The Caucus of Working Educators (WE), a group of teachers who advocate “social justice unionism,” plans to challenge president Jerry Jordan and the current leadership in next year’s Philadelphia Federation of Teachers (PFT) election.

“We are a diverse group of rank-and-file members who felt disconnected from the PFT leadership,” said Larissa Pahomov, a Science Leadership Academy English teacher and caucus co-chair. “We don’t believe that a one-party union is good” for teachers.

Caucus leaders want to energize the membership by changing the culture of the union and mobilizing against attacks on public education. Similar rank-and-file organizations recently ousted long-term union leadership in such cities as Chicago and Los Angeles.

The group formed 18 months ago and claims more than 200 PFT members.

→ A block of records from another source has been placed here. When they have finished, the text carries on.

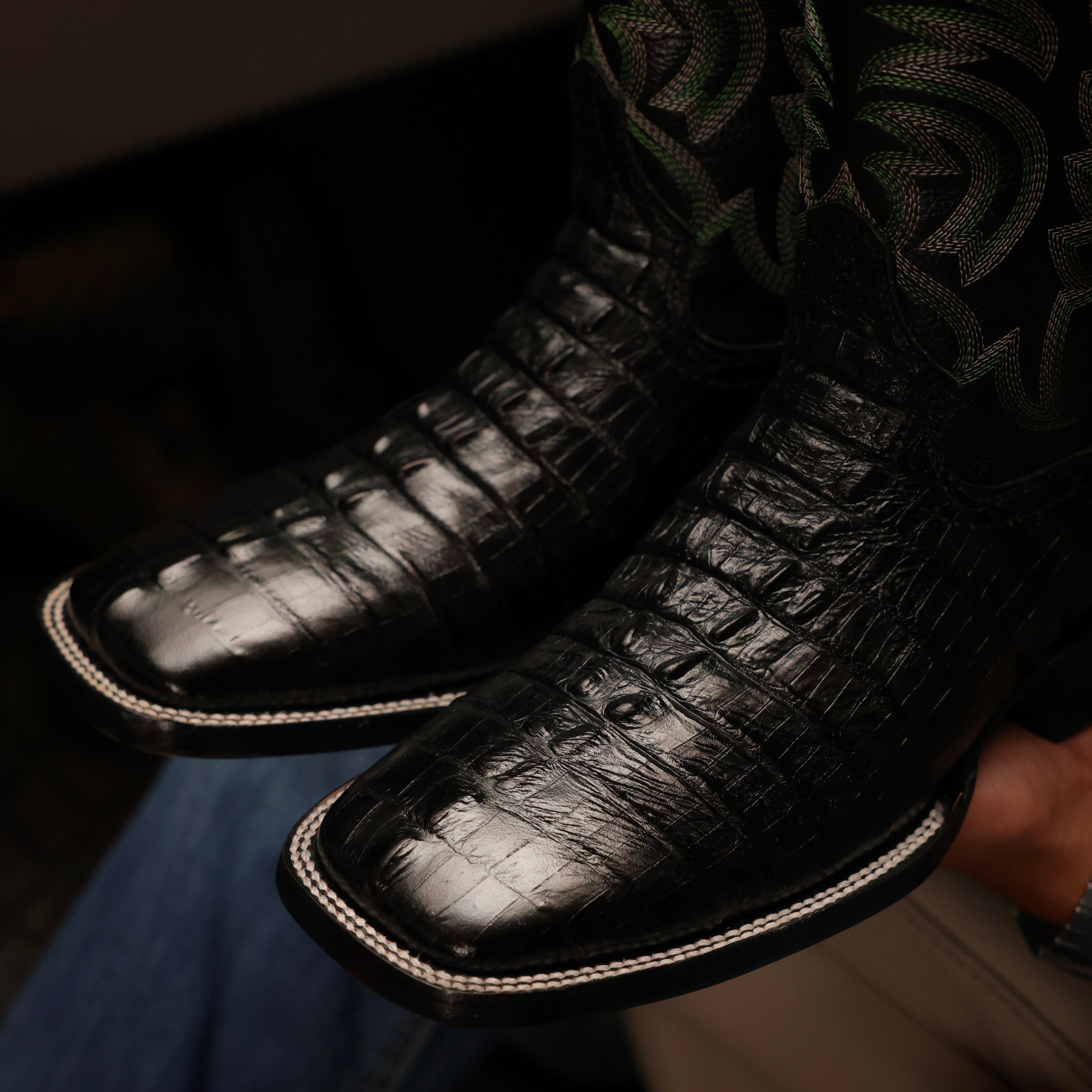 Black Caiman Leather Boots - Square Toe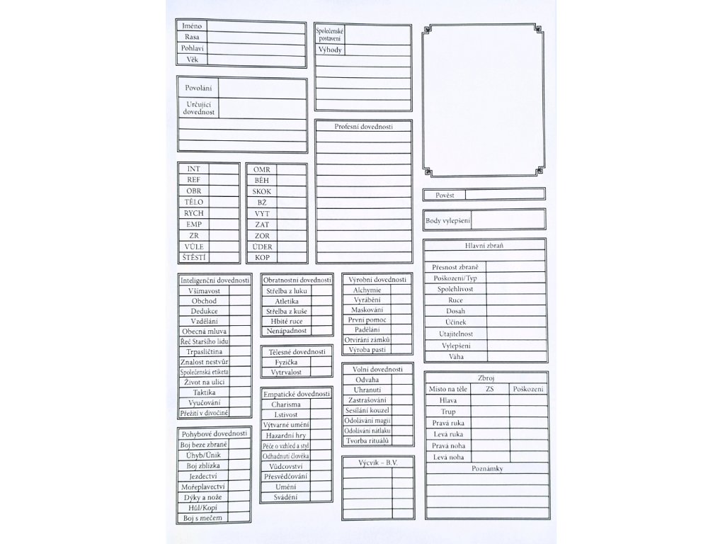 Praktický denník – karta postavy pre fantasy hru na hrdinov Zaklínač. Karta obsahuje 4 stránky formátu A4, tlačená je na papier veľkosti A3 preložený napoly.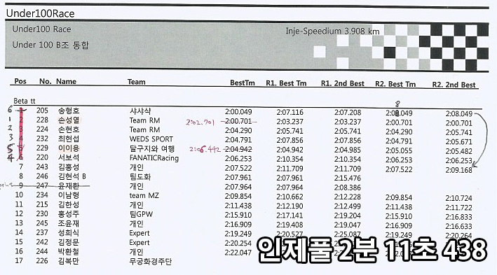 언더100레이스 초기에 꿈에서나 볼듯한 2분 3초를 찍었다는게 뿌듯했다.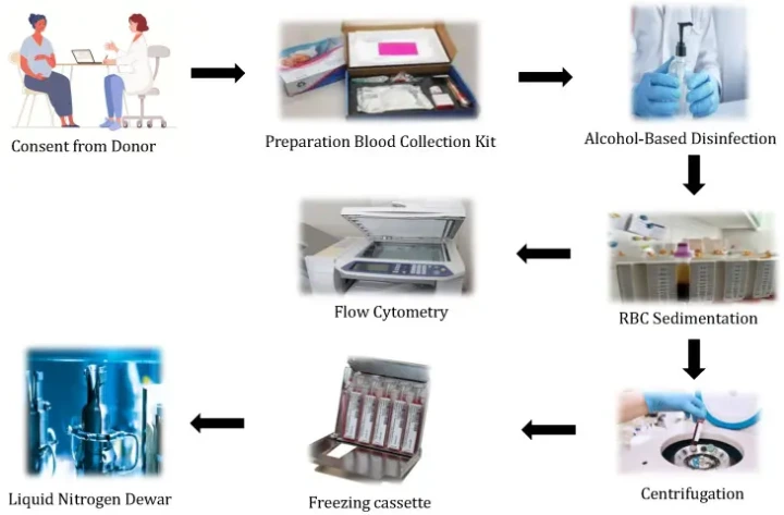 Sau khi thu thập, UCB được giữ nhiệt độ ổn định và các túi máu được khử trùng bề mặt trước khi vào phòng thí nghiệm chính. Sau khi tách hồng cầu, mẫu máu được bảo quản đông lạnh với các tế bào đơn nhân. Chất lượng của máu đông lạnh được đánh giá dựa trên tổng số tế bào hạt nhân, và sự hiện diện của tế bào CD34+ và CD45+.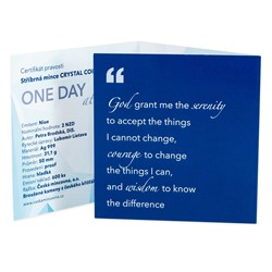 Součástí dárkového balení, které rovněž slouží jako praktický rámeček pro vystavení mince, je trojjazyčný certifikát pravosti. Obsahuje citát Reinholda Niebuhra v angličtině, jehož překlad zní: „Bože, dej mi KLID, abych přijímal věci, které změnit nemohu, ODVAHU, abych měnil věci, které měnit mohu, a MOUDROST, abych je uměl od sebe odlišit.“
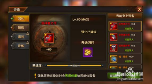 游戏内有一个强化加成属性,身上装备总强化的等级越高,获得的属性加成越给力。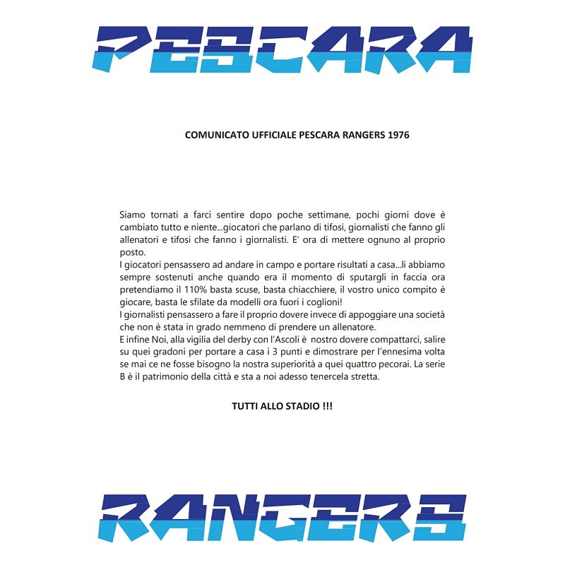 Comunicato ufficiale Pescara Rangers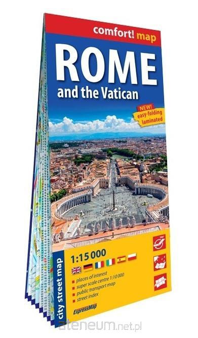 Starożytne zabytki na Forum Romanum, rozsławiona przez kino Fontanna di Trevi i dostojne bazyliki. Dwustronnie laminowany, wygodny w składaniu plan interesujących dla turysty, centralnych dzielnic Rzymu w szczegółowej skali 1:15 000 (1 cm 150 m) pomoże odkryć uroki Wiecznego Miasta.

It has emphasized issues not usually on the union election front burner, such as the school-to-prison pipeline, racial injustice, and students’ right to opt out of state testing.

Caucus candidates for top union positions include Amy Roat and Kelley Collings, who are both teachers at Feltonville School of Arts & Sciences and activists in the “opt-out” movement; Ismael Jimenez, a history teacher at Kensington CAPA; and Yaasiyn Muhammad, a history teacher at Central High School.

The caucus plans to run a slate covering all 36 officer and executive board slots. It has launched a “listening tour” to ask PFT’s 11,000 members what they need from the District and the union to best serve students. In November, the caucus plans to present a slate and platform at a WE convention.

Commenting on WE’s challenge, Jordan said: “The PFT is a democratic union, and this is democracy in action.” But he disputed that WE would bring a social justice focus to the PFT that is now lacking.

“We’ve been involved in social justice issues as long as I can remember,” said Jordan, a PFT officer since 1989, citing his insistence that the PFT contract include provisions such as the guarantee of at least one full-time counselor in every school.

The PFT and School Reform Commission have been in a three-year standoff, unable to reach a contract agreement during severe state funding cutbacks. A year ago, a frustrated SRC voted to nullify the contract entirely, sending the dispute to the courts and ending meaningful negotiations.

The mail-ballot election will be held between January and April. Besides teachers, the PFT represents counselors, nurses, secretaries, and some administrative workers and paraprofessionals.